> [DATA]:
+++

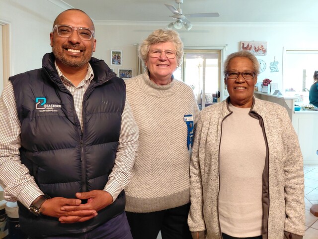 Padthaway Women in Agriculture and Business branch meeting guest speaker Dominic Armoogum with president, Beth Gale and his mother, Suzette Armoogum. (Supplied)
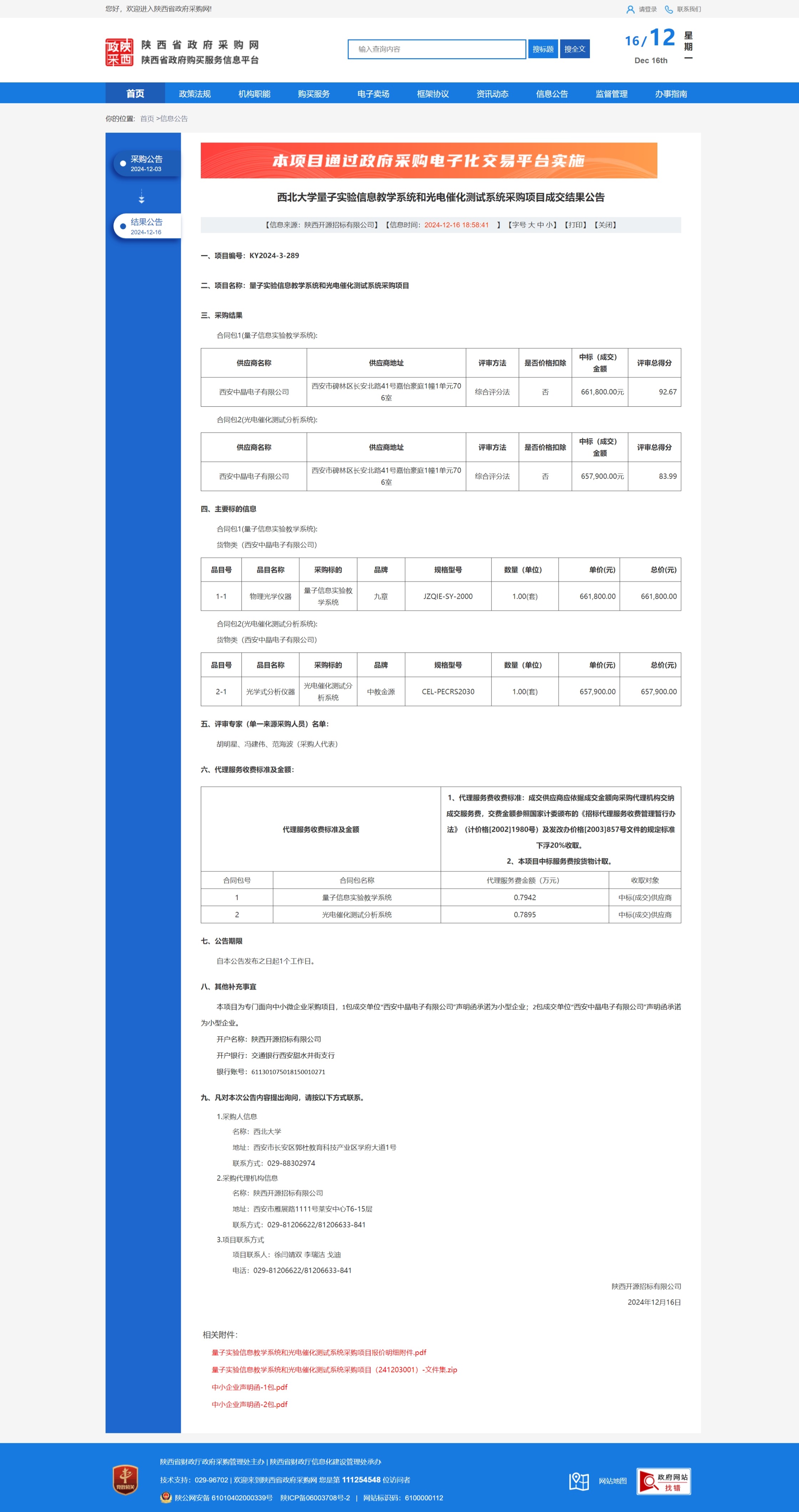 云博app官方在线入口量子实验信息教学系统和光电催化测试系统采购项目成交结果公告
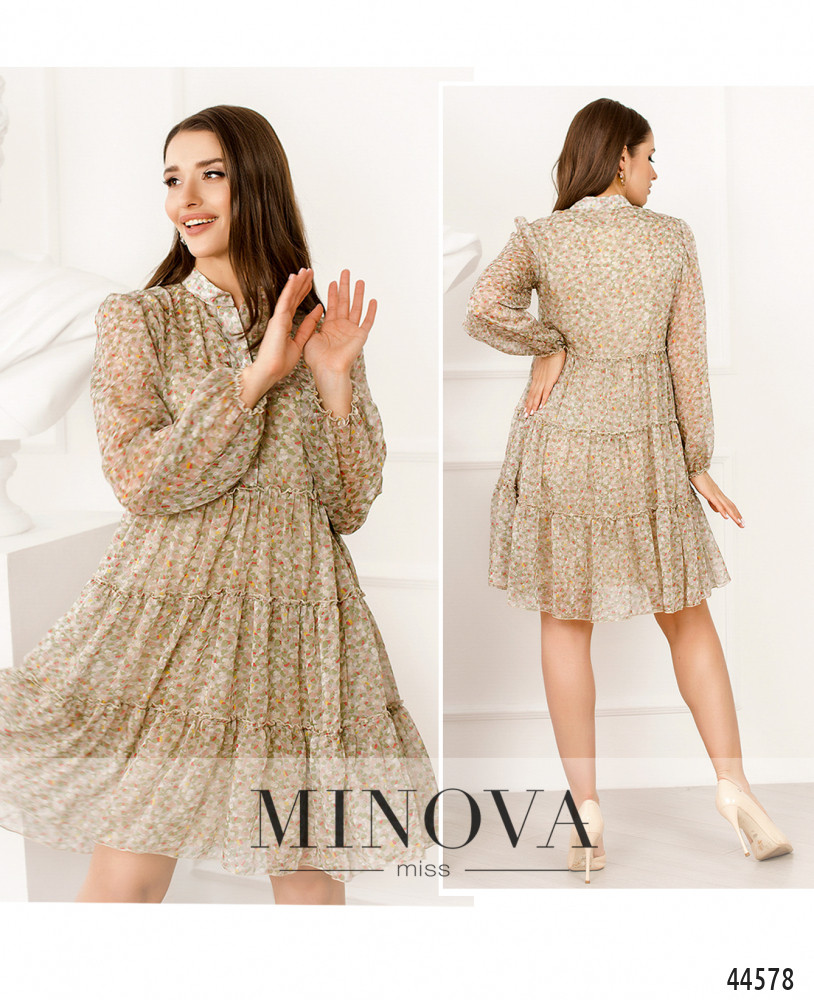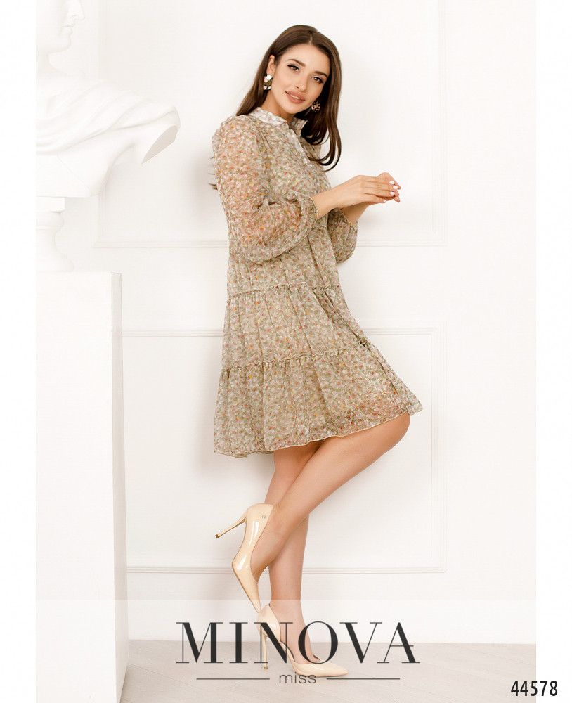 Нежное воздушное платье с мягкой подкладкой и верхним полупрозрачным слоем с несколькими рядами оборок. Рукава свободные, без подкладки, на запястьях присобраны резинкой. Воротник-стоечка, от него - ряд элегантных пуговиц до груди. Карманов нет.

+++

> [WORK TASK]: Set the pictures aside and transcribe the data above exactly.

> [EXERCISE RESPONSE]:
 Padthaway Women in Agriculture and Business branch meeting guest speaker Dominic Armoogum with president, Beth Gale and his mother, Suzette Armoogum. (Supplied)
 云博app官方在线入口量子实验信息教学系统和光电催化测试系统采购项目成交结果公告
 Нежное воздушное платье с мягкой подкладкой и верхним полупрозрачным слоем с несколькими рядами оборок. Рукава свободные, без подкладки, на запястьях присобраны резинкой. Воротник-стоечка, от него - ряд элегантных пуговиц до груди. Карманов нет.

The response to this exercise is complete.